Even Odd Tree

Medium
5 days ago

A binary tree is named Even-Odd if it meets the following conditions:

  • The root of the binary tree is at level index 0, its children are at level index 1, their children are at level index 2, etc.
  • For every even-indexed level, all nodes at the level have odd integer values in strictly increasing order (from left to right).
  • For every odd-indexed level, all nodes at the level have even integer values in strictly decreasing order (from left to right).

Given the root of a binary tree, return true if the binary tree is Even-Odd, otherwise return false.

For example, consider the following binary tree:

    1
   / \
  10  4
 /  \ / \
3   X 7  9

In this example, if X = null, the tree is Even-Odd because:

  • Level 0: [1] (odd)
  • Level 1: [10, 4] (even and decreasing)
  • Level 2: [3, 7, 9] (odd and increasing)

However, if we change the tree slightly to:

    5
   / \
  4   2
 / \ / X
3   3 7

This tree is not Even-Odd because level 2 ([3, 3, 7]) is not strictly increasing.

Write a function to determine if a given binary tree is Even-Odd.

Sample Answer
class TreeNode:
    def __init__(self, val=0, left=None, right=None):
        self.val = val
        self.left = left
        self.right = right

from collections import deque

class Solution:
    def isEvenOddTree(self, root: TreeNode) -> bool:
        if not root:
            return True

        queue = deque([root])
        level = 0

        while queue:
            level_size = len(queue)
            prev_val = None

            for _ in range(level_size):
                node = queue.popleft()

                if level % 2 == 0:  # Even level
                    if node.val % 2 == 0:
                        return False
                    if prev_val is not None and node.val <= prev_val:
                        return False
                else:  # Odd level
                    if node.val % 2 != 0:
                        return False
                    if prev_val is not None and node.val >= prev_val:
                        return False

                prev_val = node.val

                if node.left:
                    queue.append(node.left)
                if node.right:
                    queue.append(node.right)

            level += 1

        return True

Naive Solution

The naive approach would involve traversing the tree and checking each level individually to ensure it satisfies the even-odd properties. This can be done using a Breadth-First Search (BFS). For each level, we'd need to store the node values and then iterate through them to check if they are odd/even and strictly increasing/decreasing, as required.

Optimal Solution

The provided solution is already optimized as it traverses the tree only once using BFS and performs the necessary checks on each node as it's visited. This avoids unnecessary storage or re-computation. The time complexity is O(N), where N is the number of nodes in the tree, as each node is visited once.

Big(O) Run-time Analysis

The run-time complexity is O(N), where N is the number of nodes in the binary tree. This is because the algorithm uses Breadth-First Search (BFS) to visit each node exactly once. The operations performed at each node (checking its value and comparing it with the previous node) take constant time, O(1). Therefore, the overall run-time is proportional to the number of nodes in the tree.

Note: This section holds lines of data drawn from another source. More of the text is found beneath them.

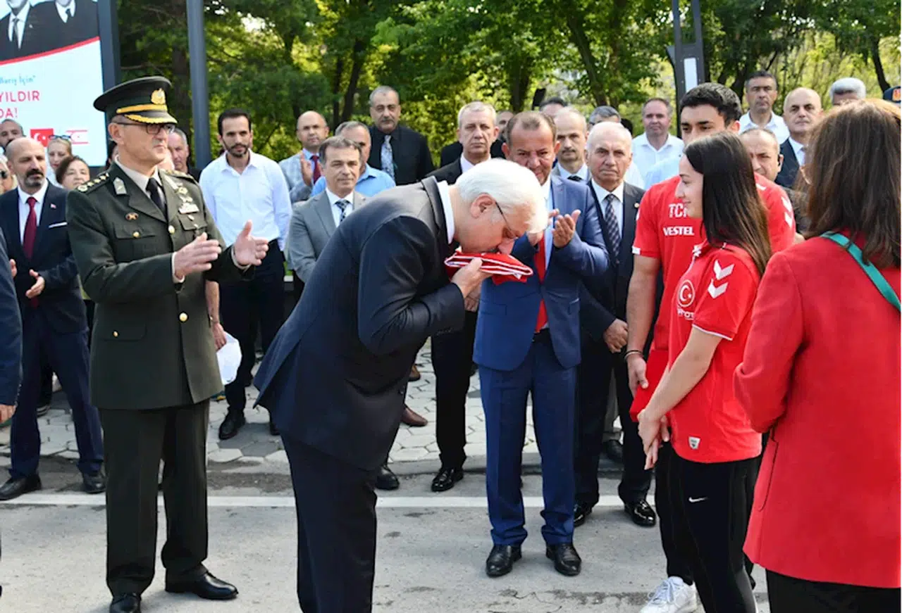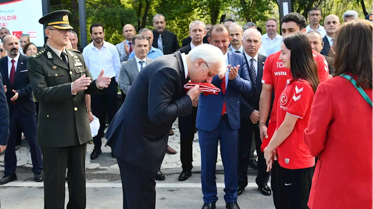 Vali Erkan Kılıç'a burada milli sporcular tarafından Türk bayrağı takdim edildi.
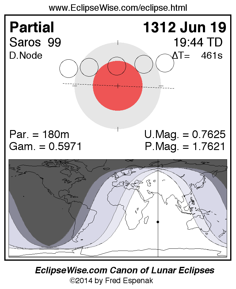 The instant of greatest eclipse takes place on 1312 Jun 19 at 19:43:42 TD (19:36:02 UT1).
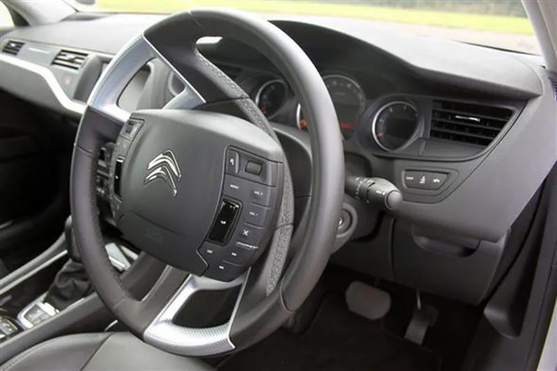法鸡设计欢乐多,雪铁龙C5的多功能方向盘,中间多功能模块是不会随着方向盘转动而转动的。
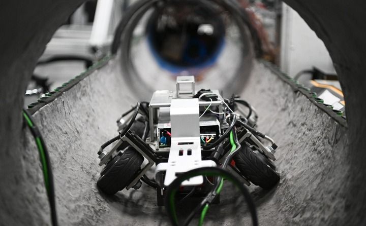 這是在深圳的廣東省具身智能機器人創(chuàng)新中心拍攝的管道檢測機器人(2025年6月25日攝)。新華社記者 鄧華 攝
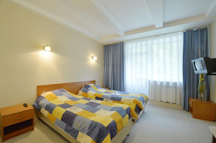 Однокомнатный номер в корпусе №3 с балконами. В номере: две односпальные кровати с возможностью совмещенного использования, платяной шкаф, тумбочки, стол, ТВ. Туалетная комната: WC, раковина, душ. 2 осн. места + 1 доп. место (раскладная кровать).
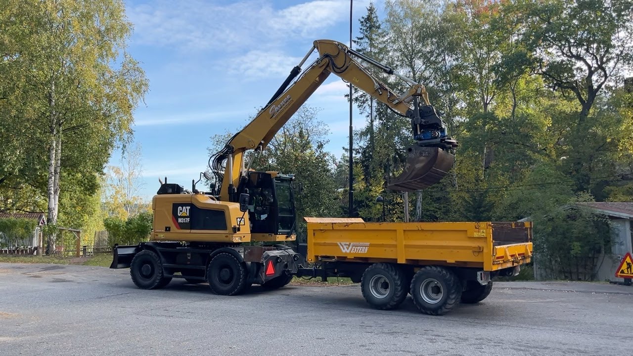 Grävmaskin CAT M317F med tippvagn och redskap
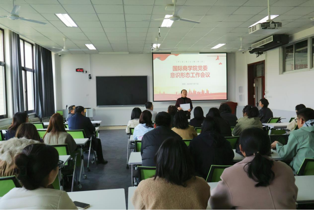 为筑牢校园意识形态安全防线,切实提升全院教职工的思想引领能力,11月11日下午,国际商学院于逸夫楼3222教室召开国际商学院党委意识形态工作会议。会议由国际商学院党委书记肖烨主持,国际商学院领导班子及全体教职工参加。
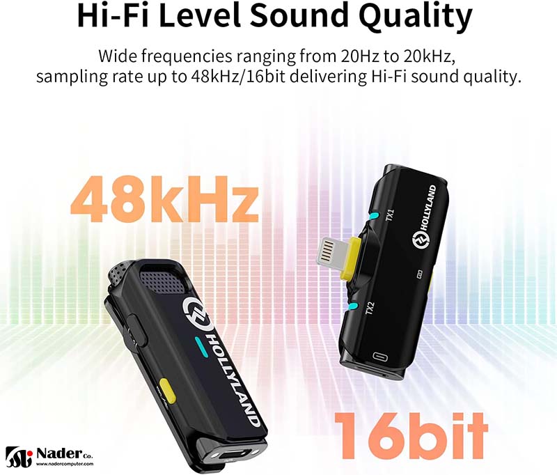 میکروفون بیسیم هالی لند Hollyland Lark C1 Solo با نرخ نمونه برداری و عمق بیت 48 کیلوهرتز و 16 بیت، صداهایی را با جزئیات فوق العاده غنی از همه جهات در فرکانسهای وسیع از 20 هرتز تا 20 کیلوهرتز ضبط میکند و کیفیت صدای Hi-Fi را ارائه میدهد. میکروفون بیسیم هالی لند Hollyland Lark C1 Solo که با الگوریتم پردازش صوتی پیشرفته طراحی شده است، صدای دیجیتالی شفاف و با کیفیت را با حذف نویزهای پس زمینه ارائه میدهد.
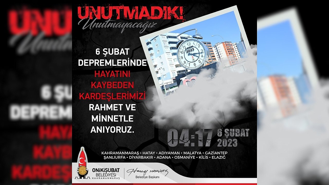 Onikişubat Belediye Başkanı Hanefi Mahçiçek, geçtiğimiz yıl 6 Şubat’ta meydana gelen ve 11 ilde yıkıma neden olan Kahramanmaraş depremlerinin yıl dönümü dolayısıyla anma mesajı yayımladı.

Big(O) Space Usage Analysis

The space complexity is O(W), where W is the maximum width of the binary tree. This is because the algorithm uses a queue to store the nodes at each level during the BFS traversal. In the worst-case scenario, the queue can contain all nodes at the widest level of the tree. For a complete binary tree, the maximum width is approximately N/2, where N is the number of nodes in the tree. Therefore, the space complexity can be considered O(N) in the worst case. However, it's more accurate to describe it as O(W), where W is the maximum width of the tree.

Edge Cases

  1. Empty Tree:
    • If the root is None, the tree is considered Even-Odd, and the function should return True.
  2. Single Node Tree:
    • If the tree contains only the root node, it should be checked if the root value is odd. If it is, the tree is Even-Odd; otherwise, it is not.
  3. Tree with One Level:
    • For a tree where all nodes are at level 0, all node values must be odd and in strictly increasing order (if there's more than one node). This case is naturally handled by the main logic.
  4. Non-integer Values:
    • The code assumes that all node values are integers. If non-integer values are present, the modulo operation (%) may not behave as expected. Handling non-integer values would require additional checks or type conversions.
  5. Large Tree:
    • For very large trees, the queue in the BFS traversal may consume a significant amount of memory. However, this is inherent to the BFS approach, and the space complexity is O(W), where W is the maximum width of the tree.
  6. Duplicate Values in Even Levels:
    • The check for strictly increasing order on even levels and strictly decreasing order on odd levels will fail if there are duplicate values. For example, [1, 3, 3] on an even level would cause the function to return False.
  7. Invalid Input Types:
    • If the input root is not a TreeNode object, the code may raise an exception. Handling this case would require an explicit type check.